- Сколько же ему лет?

- Восемьдесят с довеском. Поморы - они народ живучий.

- Он тебе не пишет, какая сейчас на Двине ледовая обстановка? -спросил Овцын.

- Его больше тревожат успехи атеистической пропаганды,- сказал Борис Архипов. - На ледовую обстановку ему в общем-то наплевать.

- Бесполезный человек. Ну, я пойду, отец. Спасибо за кофе.

На другой день приехала, наконец, из Ленинграда команда. И хорошо, что Алексей Гаврилович наладил уже свое камбузное хозяйство: люди были голодны, как щуки, и мгновенно опорожнили вместительный бак щей из кислой капусты. Старпом развел их по каютам, потом зашел к капитану.

- Сегодня они не работники, - сказал Марат Петрович.

- Пусть отдохнут от изнурительных тягот, - усмехнулся Овцын.

- Двое суток в хорошей компании - это, конечно, утомительно, -согласился старпом. - Завтра я их напрягу как положено.

- Учтите, что нам осталось стоять здесь не больше десяти дней, западная часть Финского залива уже свободна ото льда.

- За десять дней справимся... Хорошо бы перейти в Таллин, - сказал старпом. - Там бы и подождали, пока вскроется восточная часть Финского залива.

- Здешние красавицы надоели? - поинтересовался Овцын.

- Красавицы живут только в Ленинграде и в Риге,- вздохнул старпом. -Больше их нигде не водится.

- Зачем же вам в Таллин?

- Знакомый город.
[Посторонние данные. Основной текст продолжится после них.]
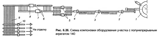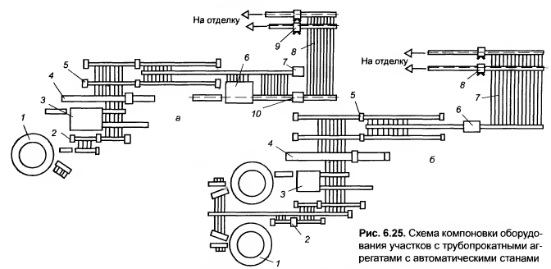 Оборудование агрегата расположено каскадно: каждый последующий стан находится на более низкой отметке, а трубы от одного стана к другому перекатываются по наклонным стеллажам. На больших и иногда средних агрегатах (рис 6.25, б) устанавливают две нагревательные печи 1 и два прошивных стана Д работающих последовательно. По конструкции оба прошивных стана одинаковы, но по характеру деформации различны: если первый прошивает заготовку в толстостенную гильзу, то второй выполняет функцию раскатного станаэлонгатора. Такая схема расположения оборудования на больших агрегатах позволяет получать тонкостенные гильзы, обеспечивая одновременно высокую производительность установки и высокую точность прокатываемых труб. Схема дает возможность также использовать любой прошивной стан при прошивке в одну операцию (для труб диаметром < 200 мм). При этом путь заготовки от каждой печи до прошивного стана получается практически одинаковым, что обеспечивает стабильность температуры при прошивке. В состав этого агрегата также входят подогревательная печь 3, автоматический стан 4, два раскатных стана 5, калибровочный стан 6, два правильных стана 8, охладительный стол 7. Техническая характеристика некоторых трубопрокатных агрегатов с автоматическими станами приведена в табл. 6.12. В связи с увеличением мощности печных агрегатов и усовершенствованием конструкций прошивных станов исчезла необходимость в дополнительных нагревательных и деформирующих агрегатах. В частности, в Японии на заводе в Кеб хине на агрегате с автоматическим станом установлена одна кольцевая печь и один прошивной стан. В цехах с современными трубопрокатными агрегатами 140 полунепрерывного типа конструкции ВНИИметмаш и ЭЗТМ все оборудование на участке горячей прокатки расположено в технологической линии по ходу трубы в следующей последовательности (рис. 6.26): нагревательная кольцевая печь 7, прошивной стан 2, первая 3 и вторая 4 клети полунепрерывного стана, два раскатных стана 5, индукционные подогревательные печи 6, калибровочный 7 и редукционный 8 станы, охладительный стол 9 и правильные станы 10. Такая схема по сравнению с традиционными агрегатами с автоматическими станами позволила исключить необходимость двухкратной обработки труб в одной клети автоматического стана и сократить поперечные передачи металла. В результате производительность агрегата возросла почти вдвое.

Почти родной. Три года там работал. На каждом судне по десять приятелей.

- Ничем не могу помочь, - сказал Овцын.- Порт там маленький. Стать нам негде.

- Это верно, - печально сказал старпом. - Нас там держать не будут. Своим тесно.

Старпом ушел, и сразу же явился Соломон Двоскин. Овцын подумал, что Соломон специально поджидал у двери, пока выйдет старпом. Он прекрасно выглядел, был весел, и выпуклые глаза его поблескивали.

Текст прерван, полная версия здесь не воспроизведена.